Avant que le couronnement ne le fasse taire, Charles, alors prince de Galles, a lancé plusieurs attaques mémorables contre les architectes et planificateurs modernes. S’adressant au dîner annuel de la Commission de planification et de communication de la Corporation de Londres à la Mansion House en décembre 1987, il a déclaré : ‘Vous devez, mesdames et messieurs, admettre ceci quant à la Luftwaffe : quand elle a détruit nos bâtiments, elle ne les a pas remplacés par quelque chose de plus offensant que des décombres. C’est nous qui avons fait cela… Vos prédécesseurs, en tant que planificateurs, architectes et promoteurs de la ville, ont ruiné la silhouette de Londres et profané le dôme de St Paul.’
Avec une dyspepsie gargouillant dans la salle, le prince a rechargé ses canons. ‘Non seulement ils ont ruiné la silhouette de Londres en général. Ils ont également fait de leur mieux pour perdre le grand dôme dans une mêlée de bâtiments de bureaux, si médiocres que la seule façon de s’en souvenir est par la frustration qu’ils induisent — comme une équipe de basket-ball se tenant côte à côte entre vous et la Mona Lisa.’ Les Français et les Italiens ne déshonoreraient jamais leurs plus beaux bâtiments de cette manière. Pouvez-vous imaginer des blocs de bureaux emprisonnant la précieuse Notre-Dame de Paris ou le scintillant St Marc de Venise ?
Dans une interview ultérieure à la BBC, Owen Luder, l’ancien président maintenant décédé du Royal Institute of British Architects, a contesté le discours du prince : ‘Je pense que c’était très regrettable et embarrassant… J’ai vécu le Blitz, aucune comparaison. Je le ressens vraiment.’
Luder, designer de bâtiments brutaux en béton brut audacieux et controversés qui ont caractérisé la ‘réhabilitation complète’ de nombreux centres urbains britanniques dans les années soixante et au début des années soixante-dix, a vécu suffisamment longtemps pour voir les plus caractéristiques de ses propres bâtiments bel et bien bombardés.
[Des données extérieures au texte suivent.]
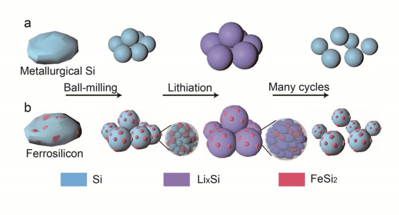 为了低成本并且方便的获得硅纳米颗粒负极,该课题组着眼于工业生产中的粗硅源(铁硅,金属硅),通过高能球磨的方法控制时间及转速获得不同尺寸的硅颗粒(大至100 um,小至100 nm),系统研究了两种不同硅源作为电极的优势(铁硅自身可抑制循环中的膨胀,金属硅有更高的容量及导电性),并且在以制得的100 nm左右的颗粒作为电极材料时获得了很好的循环及倍率性能。整个过程简便且大大降低了成本,为大规模生产硅纳米颗粒,制备硅负极提供了新思路,并且也为硅在光伏,热电领域的制备合成提供了新方法。该论文的通讯作者是现代工程与应用科学学院朱嘉教授,第一作者是现代工程与应用科学学院硕士研究生朱斌和金艳,项目研究得到了国家重点基础研究项目,国家自然科学基金和江苏省优势学科资助。

Le Tricorn Centre, Portsmouth : ouvert en 1966, démoli en 2004. Trinity Square, Gateshead, dont le parking à plusieurs étages a été présenté dans le film de gangsters de Michael Caine, Get Carter : achevé en 1967, rasé en 2010. Derwent Tower, le bloc de logements en béton de 30 étages à Gateshead, connu localement sous le nom de ‘Dunston Rocket’, a été détruit de force en 2012. Le problème était, comme l’a éenoncé Mick Henry, à l’époque leader du conseil travailliste de Gateshead, ‘les gens ne voulaient pas vivre ici, et un bloc de tours de 30 étages ne peut pas être maintenu uniquement sur des mérites architecturaux revendiqués.’
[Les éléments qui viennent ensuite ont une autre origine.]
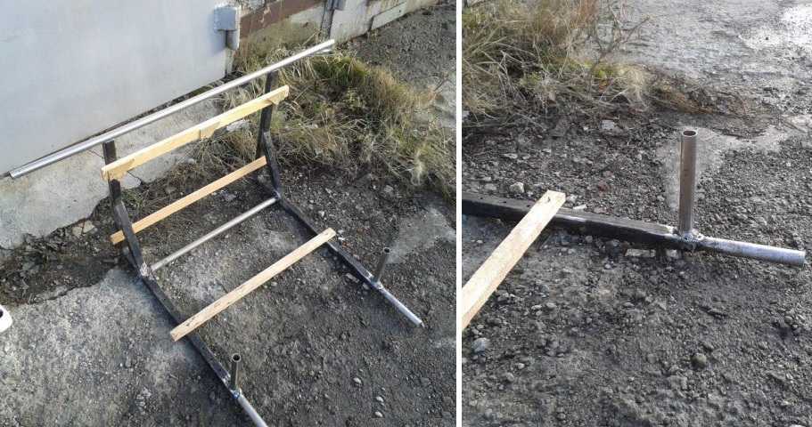 Если в наличии имеются трубы сравнительно большого диаметра и готовая П-образная перекладина, можно использовать представленную выше конструкцию (размеры произвольные). Под «колышками», естественно, понимаются металлические стержни достаточного диаметра или же часть П-образной перекладины. Желательно закрепить соединения сваркой.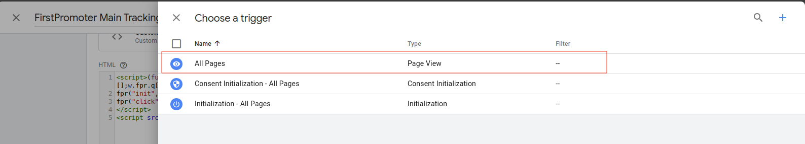 triggeringsection, click on it and choose when to trigger the tag.We recommend selecting thepages triggerto load theMain tracking scripton all your landing pages.

Par conséquent, les bâtiments de l’architecture brutaliste ont souvent eu des vies dramatiquement écourtées. Quant aux nouveaux bâtiments que le prince Charles a vus surgir dans et autour de la ville de Londres, ceux-ci continuent de monter, de tomber, et de remonter, toujours plus hauts, et à une vitesse de plus en plus vertigineuse. Alors qu’ils rivalisent pour atteindre le ciel londonien, des grappes de nouvelles tours de la ville dépouillent les rues dont elles émergent de vie, de lumière et d’échelle humaine. La plus haute de toutes, proposée à ce jour, 1 Undershaft, atteindra, si elle reçoit le feu vert final de la Corporation de Londres cet été, la limite de hauteur absolue (309 mètres) imposée par l’Autorité de l’aviation civile.
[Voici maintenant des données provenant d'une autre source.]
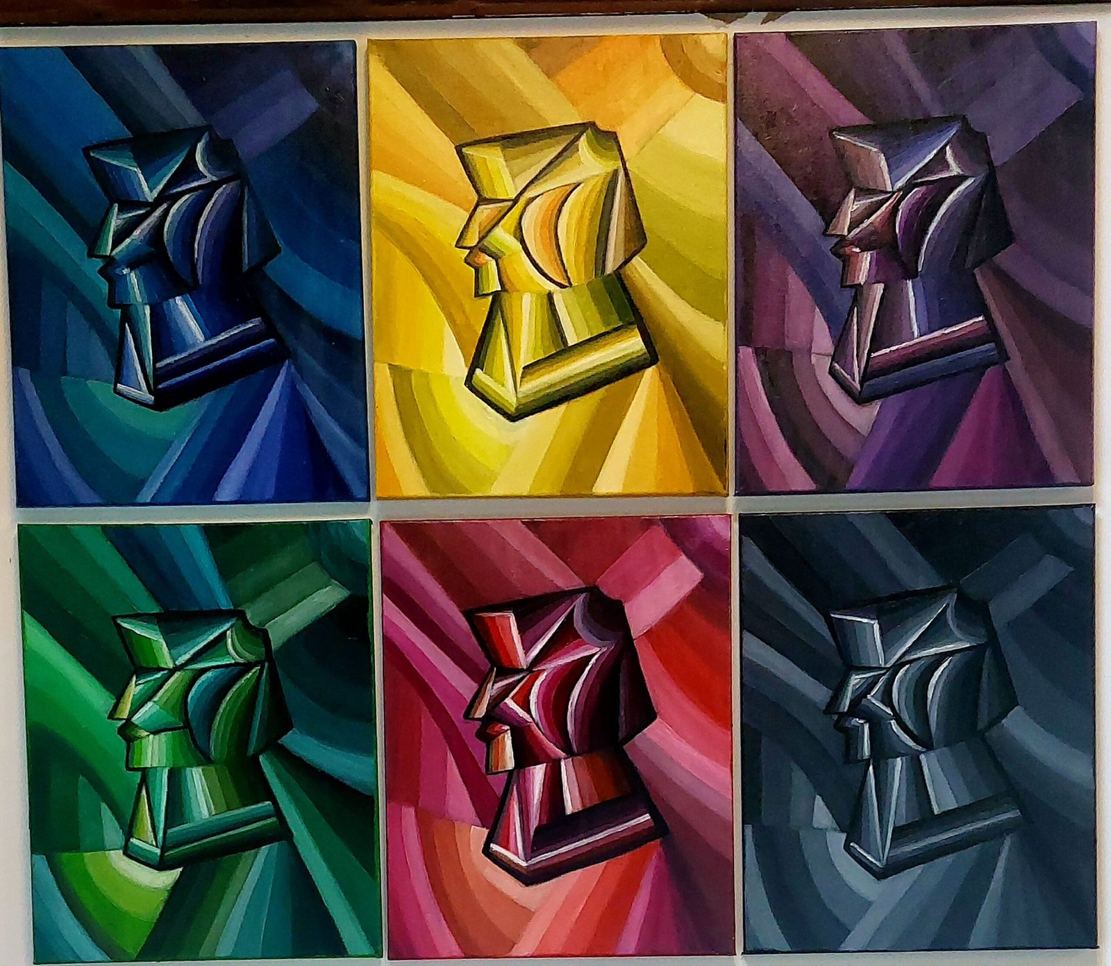 Cubist abstract style, color gradient technique, oil colors painted with color stabilizer and varnish, the painting consists of 6 panels, each one 40/50 cm in size,

Mis à part la qualité architecturale discutable des nouveaux gratte-ciel de la ville de Londres, il semble très étrange de voir les tours de bureaux les plus anciennes de la ville être démolies alors qu’elles ne sont pas plus anciennes et même beaucoup plus jeunes que les parkings et centres commerciaux brutalistes de Luder. Dans sa dernière version, 1 Undershaft, conçu par Eric Parry Architects, menace d’être non seulement inconfortablement haut, mais aussi laid et même ridicule avec un jardin sur le toit dépassant au-dessus de la rue comme une langue des Rolling Stones décolorée. Ce qui fonctionne, dans une couleur rouge à lèvres vive, pour les couvertures d’album et les T-shirts d’un groupe de rock, échoue dans ce qui devrait être une rue de ville digne, bien qu’animée.